• **Exercise goal**: In the material below, find each line that contains the word "Middenvelder" and copy it.

• **Exercise data**:
※ ※ ※

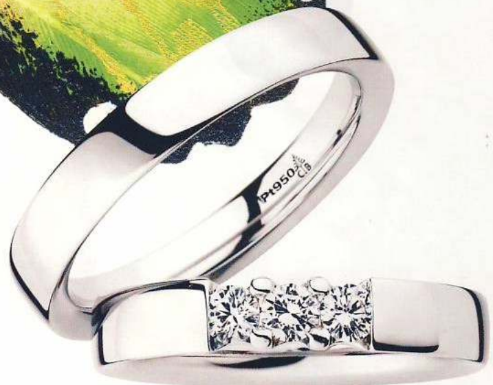
Zwei funkelnde Diamanten schmücken diesen Ring aus Platin. Von Christian Bauer.
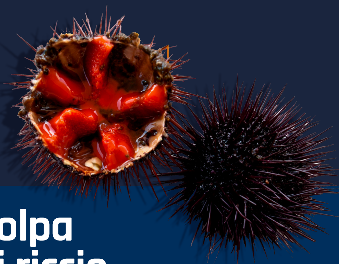
Polpa di riccio
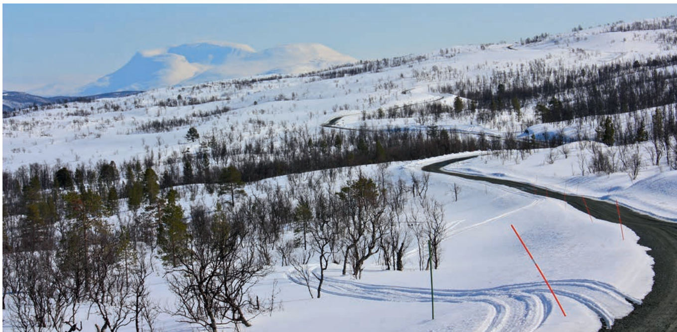
Sammenbindingsveien mellom Mauken og Blåtind er tilpasset terrenget for å redusere inngrepet mest mulig.
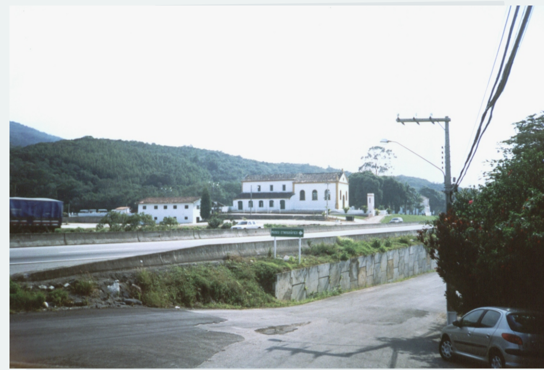
POTENCIALIDADE - VALOR DE MEMÓRIA (EDIFICAÇÕES HISTÓRICAS)

- Diferencial em relação a outras cidades do litoral por aliar riquezas naturais e patrimônio histórico.
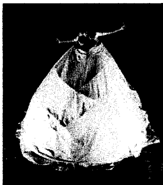
Uno spettacolo del Buratto

Via Mosé Bianchi 94, ore 16.30, 6 euro. Alle 15, laboratorio di teatro d'ombre. 3405939672.
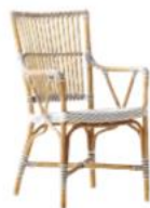
FAUTEUIL MONIQUE 9186CPWH

L54 P62 H93 HA46 HAC65 21.3" 24.5" 36.7" 18.2" 25.6"
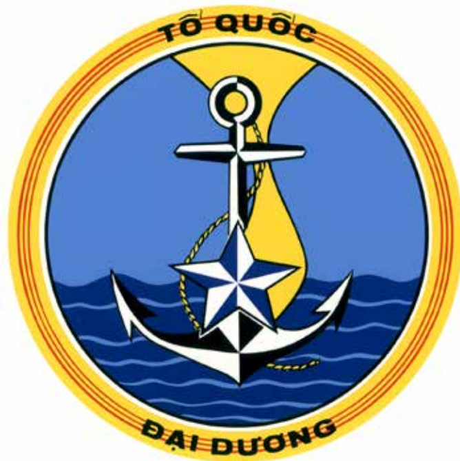
HUY-HIỆU HẢI-QUÂN VIỆT-NAM
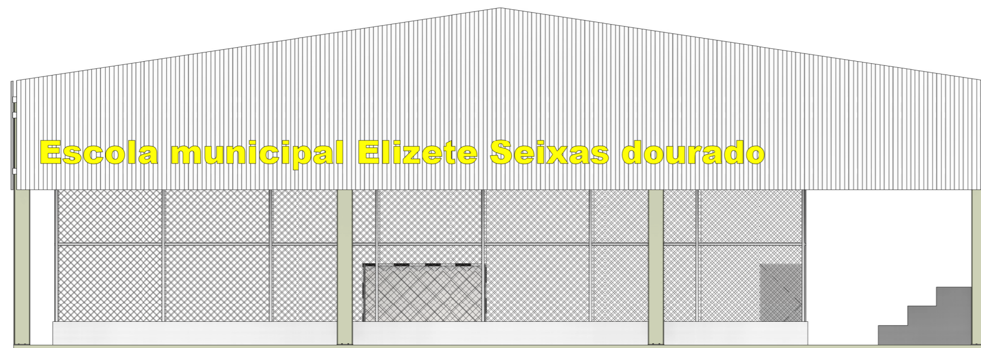
2 FACHADA FRONTAL ESCALA - 1 : 100
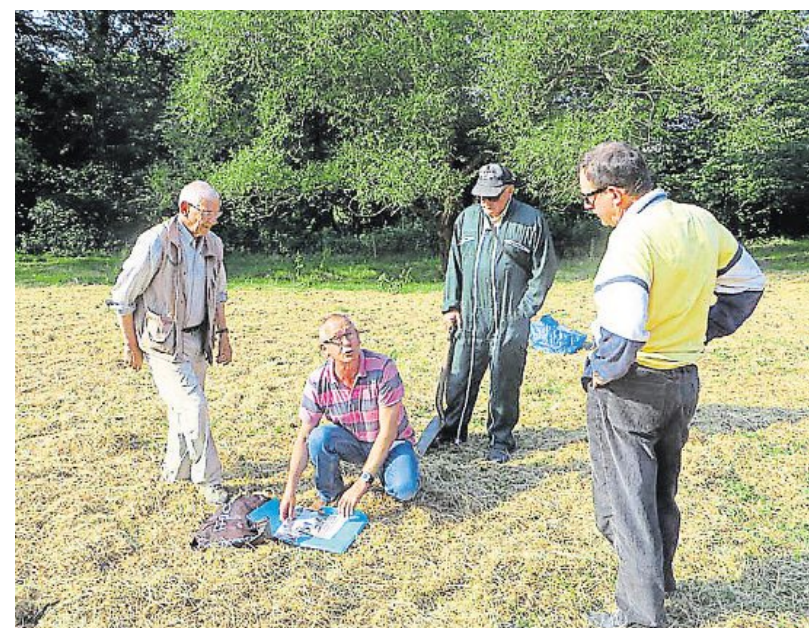
L'association Renaissance du Haut-Gesvres veut réhabiliter la fière bâtisse.

(1) Treillières, un village en Pays nantais : 1800-1945 , Jean Bourgeon, 420 pages, éditions Coiffard (2012).
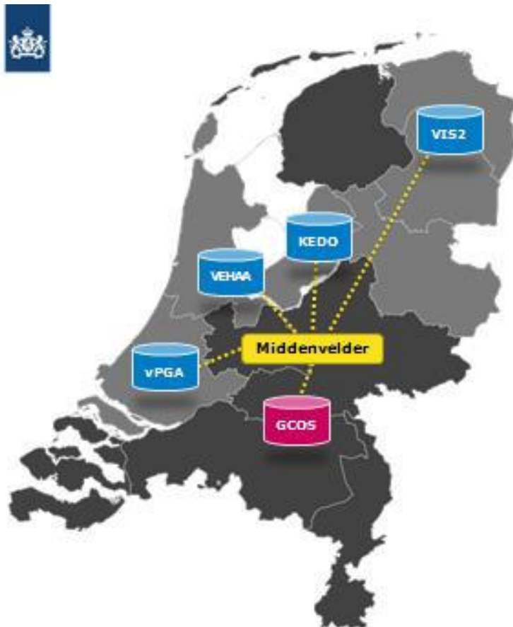
Figuur 1: Werking Middenvelder

De Middenvelder faciliteert samenwerking tussen de verschillende ZVH's, door te voorzien in gestandaardiseerd berichtenverkeer via een verbinding tussen de diverse casusoverlegsysteem van de ZVH's, zoals afgebeeld in figuur 1 en uitgewerkt in tabel 1.

※ ※ ※

• **Problem solution**:
Figuur 1: Werking Middenvelder
De Middenvelder faciliteert samenwerking tussen de verschillende ZVH's, door te voorzien in gestandaardiseerd berichtenverkeer via een verbinding tussen de diverse casusoverlegsysteem van de ZVH's, zoals afgebeeld in figuur 1 en uitgewerkt in tabel 1.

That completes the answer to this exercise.